July 6 (NBD) -- Chinese conglomerate Fosun International Limited (00656. HK) Wednesday announced that it has submitted an application for the proposed spin-off and separate Hong Kong-listing of its wholly-owned subsidiary, Fosun Tourism and Culture Group (Cayman) Company Limited (FTC).
FTC and its subsidiaries constitute an integrated tourism group that provides customers with one-stop tourism and leisure lifestyle experiences.
According to financial results of Fosun International for the year 2017, the company reaped approximately 88.03 billion yuan (13.3 billion U.S. dollars) in revenue, and the profit contributable to shareholders of the parent company stood at 13.16 billion yuan (2.0 billion U.S. dollars), to which the happiness sector (mainly tourism and culture businesses) only contributed 3.8 percent, far lower than the health sector's 10.4 percent and the wealth sector's 85.8 percent.
Happiness, health and wealth sectors make up Fosun International's customer-to-maker (C2M) ecosystem.

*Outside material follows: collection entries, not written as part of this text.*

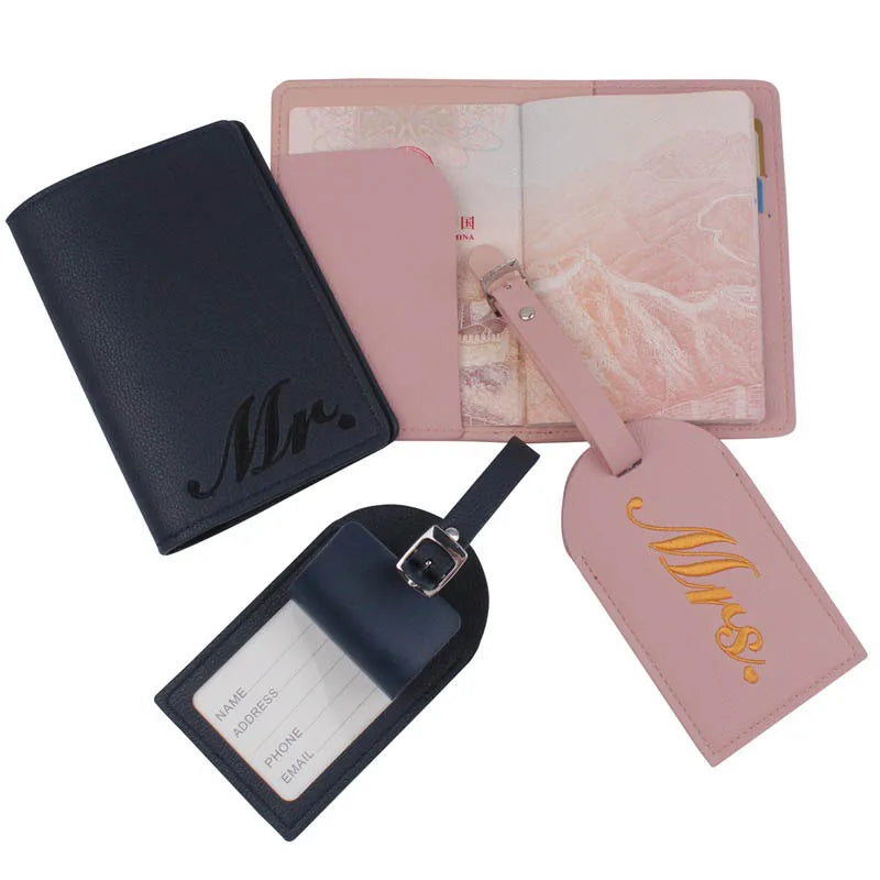 Keep your passports safe and stylish with this set featuring Mr and Mrs embroidery. Perfect for couples to travel together in style.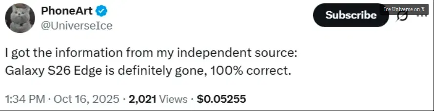 Инсайдер Ice Universe заявил: «Galaxy S26 Edge точно отменён, это 100% верно». Другой известный источник, OnLeaks, подтвердил информацию, сопроводив её комментарием: «Это правда».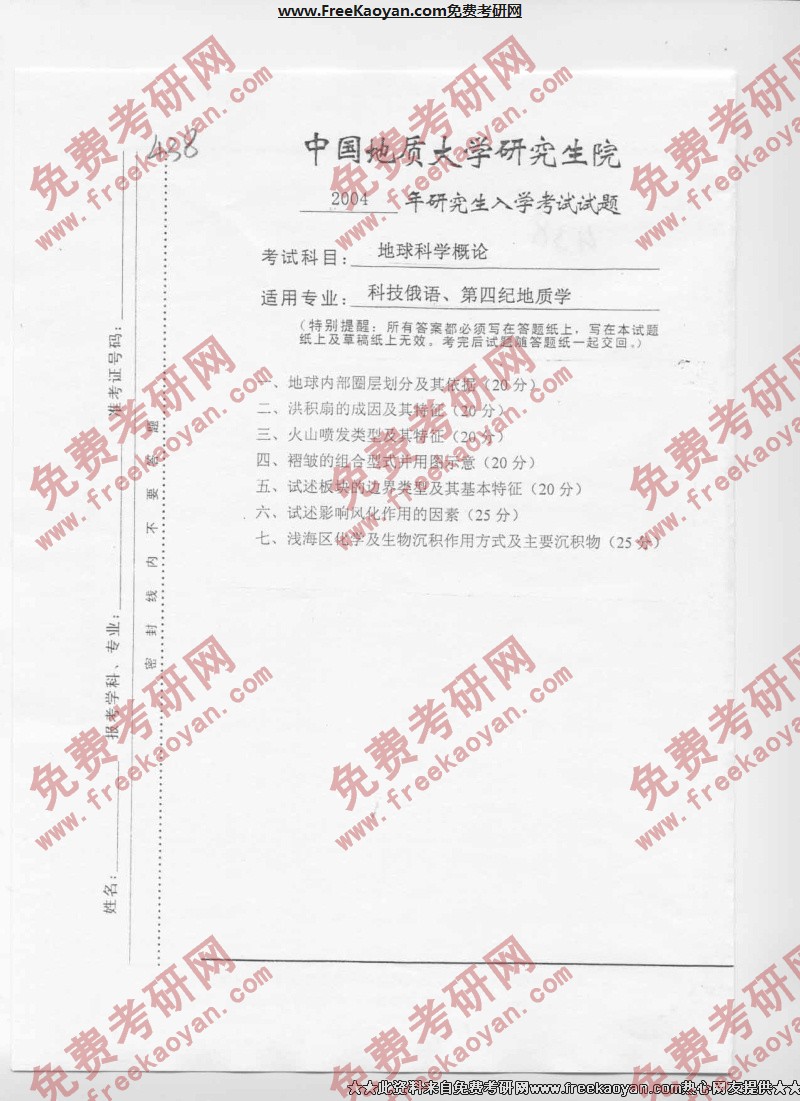 中国地质大学(武汉)2004年考研真题-地球科学概论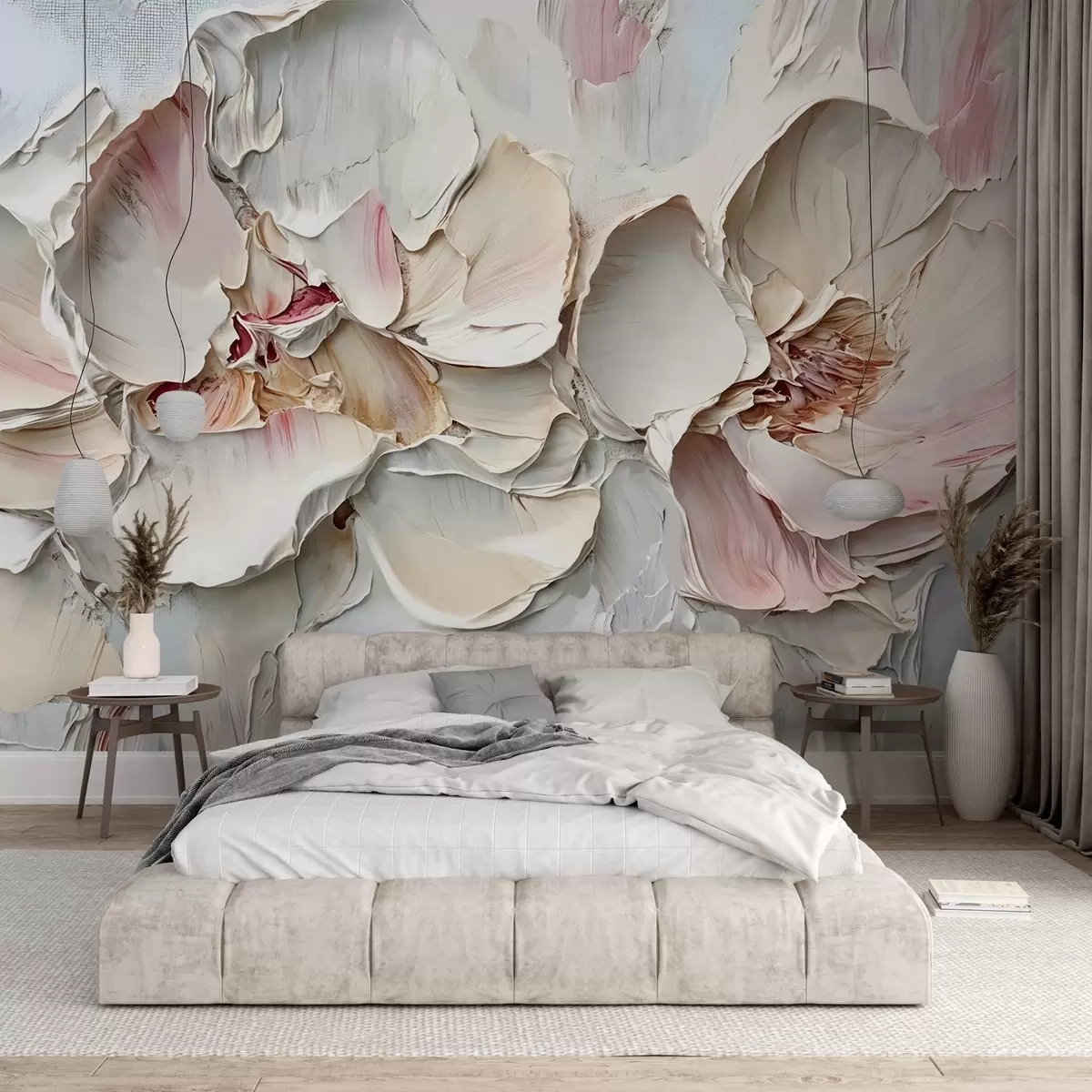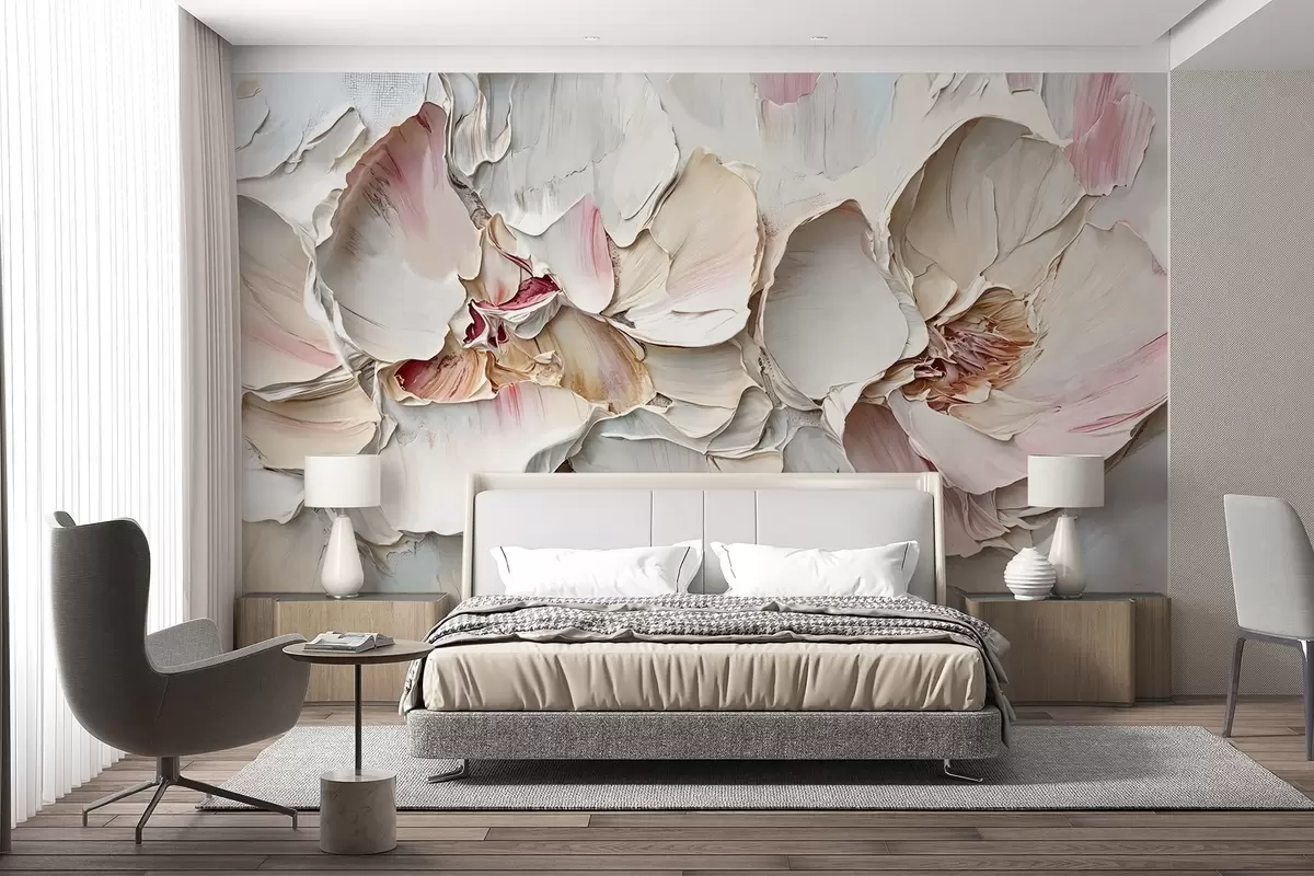 Fototapety Jemné, světle růžové květy s měkkými, vrstvenými okvětními lístky na tlumeném, texturovaném pozadí imitace olejomalby impasto Č. w08467

With regard to the reason why Fosun International chose to spin off the tourism and culture businesses with relatively small profit contribution, Shen Meng, executive director of Chanson Capital, explained Fosun International may get a head start amid market downturn. However, Shen also mentioned the possibility of financial strain caused by concentrated listings in Hong Kong in a short period of time.